### [EXERCISE DIRECTIONS]
Images should be left out, and everything else in the listing reproduced exactly.

### [SUPPLIED DATA]

==============================

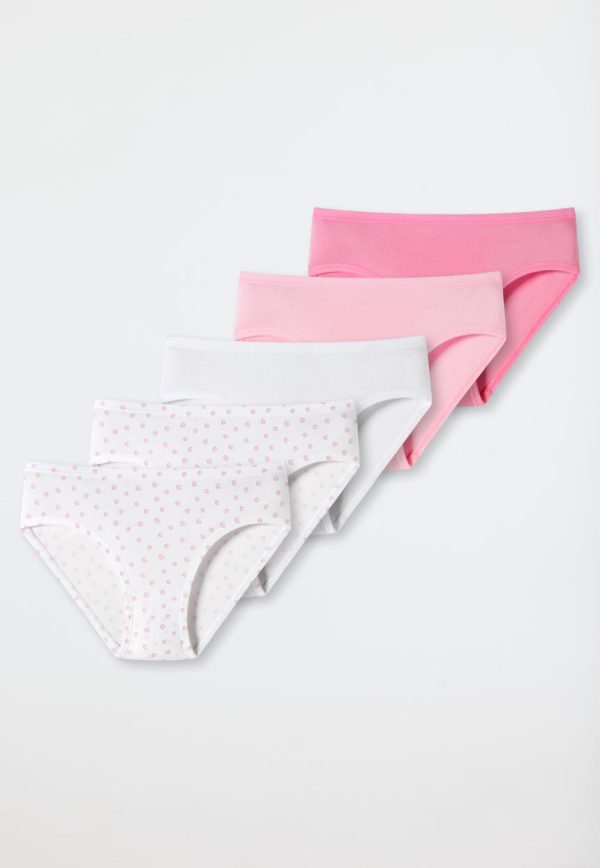 Diese hübschen Slips im praktischen 5er-Pack sind genau das Richtige für alle kleinen Prinzessinen! In frischem Weiß, Rosa, Pink oder Weiß mit rosafarbenen Punkten – hier strahlen alle kleine Mädchenaugen. Bestes Single Jersey-Material mit hautfreundlichem Organic Cotton und ein softer Bund fühlen sich perfekt am Körper an und sorgen für ein tolles Tragegefühl. Herrlich bequem in bester SCHIESSER-Qualität!
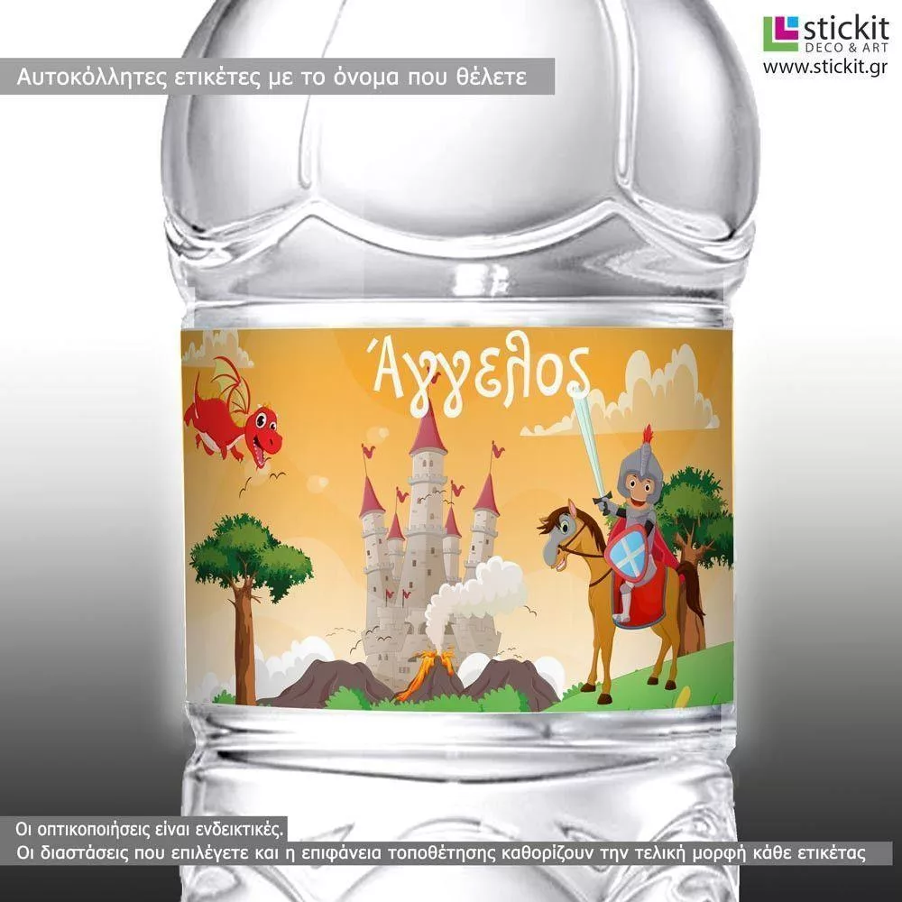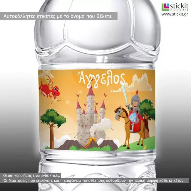 Αυτοκόλλητη ετικέτα Ιππότης και δράκος, με όνομα και ημερομηνία
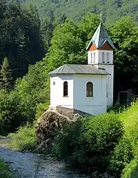 The church in Hudajužna is dedicated to Saint Barbara. It was built in 1905 at the same time the railroad was built. It is a small building with a chancel walled on three sides and a nave through which the bell tower rises. It is roofed with sheet metal.[8]
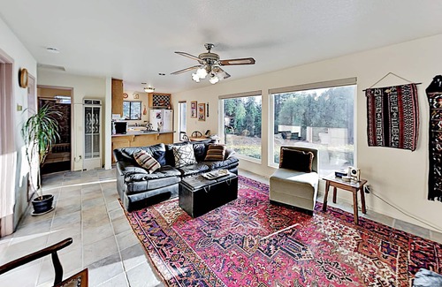 The living area is furnished with a sofa, love seat, and armchair. Watch favorite shows on the flat-screen TV. The large windows perfectly frame the rolling mountain vista.

==============================

### [RESULT OF THE TASK]
 Diese hübschen Slips im praktischen 5er-Pack sind genau das Richtige für alle kleinen Prinzessinen! In frischem Weiß, Rosa, Pink oder Weiß mit rosafarbenen Punkten – hier strahlen alle kleine Mädchenaugen. Bestes Single Jersey-Material mit hautfreundlichem Organic Cotton und ein softer Bund fühlen sich perfekt am Körper an und sorgen für ein tolles Tragegefühl. Herrlich bequem in bester SCHIESSER-Qualität!
 Αυτοκόλλητη ετικέτα Ιππότης και δράκος, με όνομα και ημερομηνία
 The church in Hudajužna is dedicated to Saint Barbara. It was built in 1905 at the same time the railroad was built. It is a small building with a chancel walled on three sides and a nave through which the bell tower rises. It is roofed with sheet metal.[8]
 The living area is furnished with a sofa, love seat, and armchair. Watch favorite shows on the flat-screen TV. The large windows perfectly frame the rolling mountain vista.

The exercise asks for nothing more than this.